▸ **What the task asks**
Transcribe all the data below exactly, leaving its pictures out.

▸ **Collected data**
====================

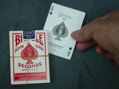 | 描述:四張空白的牌,將一張白牌放在桌上,手中的三張牌當中有一張是A,一下子這張A消失了?出現在桌上那張白牌上? 將一張白牌又放桌上!把A放進手中。魔術師問觀眾A的位置?翻開桌上那張還是白色的!魔術師手中的那三張牌卻??會讓你有意想不到的結局!!
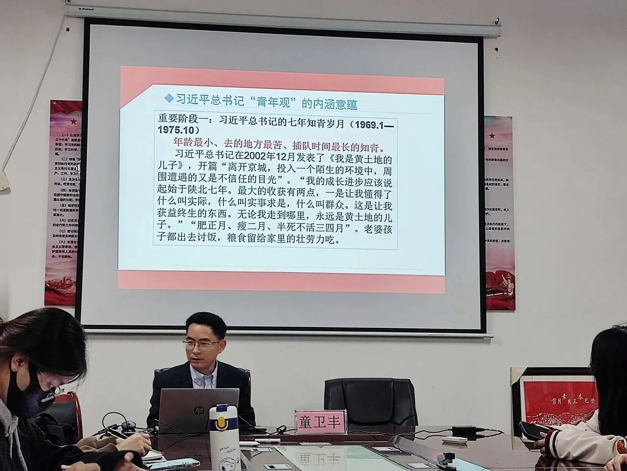 为理清历史逻辑、更好地体会“青年观”,童教授带领我们学习了“青年观”发展历程,解读了蕴含在习近平总书记“青年观”的内涵。又结合自己学生时代的社会实践经历,生动讲述了青年学生要如何树立劳动观和艰苦奋斗的心态。
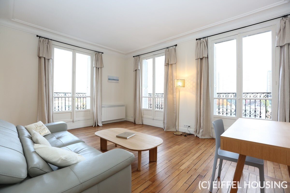 Très bel appartement meublé situé rue Maurice Bourdet dans le 16ème arrondissement, au pied du pont de Grenelle, en face du centre commercial Beaugrenelle et à coté de la Maison de la Radio. Au pied de la station de métro Maison de la Radio. Proche des stations de métro Maison de la Radio (Rer C), Jasmin (ligne 9) et Charles Michel (ligne 10). Appartement d’angle avec vue sur la Seine et la Tour Eiffel. L’Appartement est en excellent état et baigné de lumière. Ameublement neuf et contemporain. Au 5ème étage (avec ascenseur), cet appartement de 85m2 comprend : un salon d’angle (orienté sud-est avec vue sur la Seine et la Tour Eiffel) une grande salle à manger avec sa cuisine américaine toute équipée (avec ilot central) (35m2 environ) 2 chambres (respectivement 12 et 11m2) une salle de douche avec WC Balcon filant de 15m2. Double vitrage. Chauffage et eau chaude individuels électriques. Digicode, interphone.

====================

▸ **The answer**
 | 描述:四張空白的牌,將一張白牌放在桌上,手中的三張牌當中有一張是A,一下子這張A消失了?出現在桌上那張白牌上? 將一張白牌又放桌上!把A放進手中。魔術師問觀眾A的位置?翻開桌上那張還是白色的!魔術師手中的那三張牌卻??會讓你有意想不到的結局!!
 为理清历史逻辑、更好地体会“青年观”,童教授带领我们学习了“青年观”发展历程,解读了蕴含在习近平总书记“青年观”的内涵。又结合自己学生时代的社会实践经历,生动讲述了青年学生要如何树立劳动观和艰苦奋斗的心态。
 Très bel appartement meublé situé rue Maurice Bourdet dans le 16ème arrondissement, au pied du pont de Grenelle, en face du centre commercial Beaugrenelle et à coté de la Maison de la Radio. Au pied de la station de métro Maison de la Radio. Proche des stations de métro Maison de la Radio (Rer C), Jasmin (ligne 9) et Charles Michel (ligne 10). Appartement d’angle avec vue sur la Seine et la Tour Eiffel. L’Appartement est en excellent état et baigné de lumière. Ameublement neuf et contemporain. Au 5ème étage (avec ascenseur), cet appartement de 85m2 comprend : un salon d’angle (orienté sud-est avec vue sur la Seine et la Tour Eiffel) une grande salle à manger avec sa cuisine américaine toute équipée (avec ilot central) (35m2 environ) 2 chambres (respectivement 12 et 11m2) une salle de douche avec WC Balcon filant de 15m2. Double vitrage. Chauffage et eau chaude individuels électriques. Digicode, interphone.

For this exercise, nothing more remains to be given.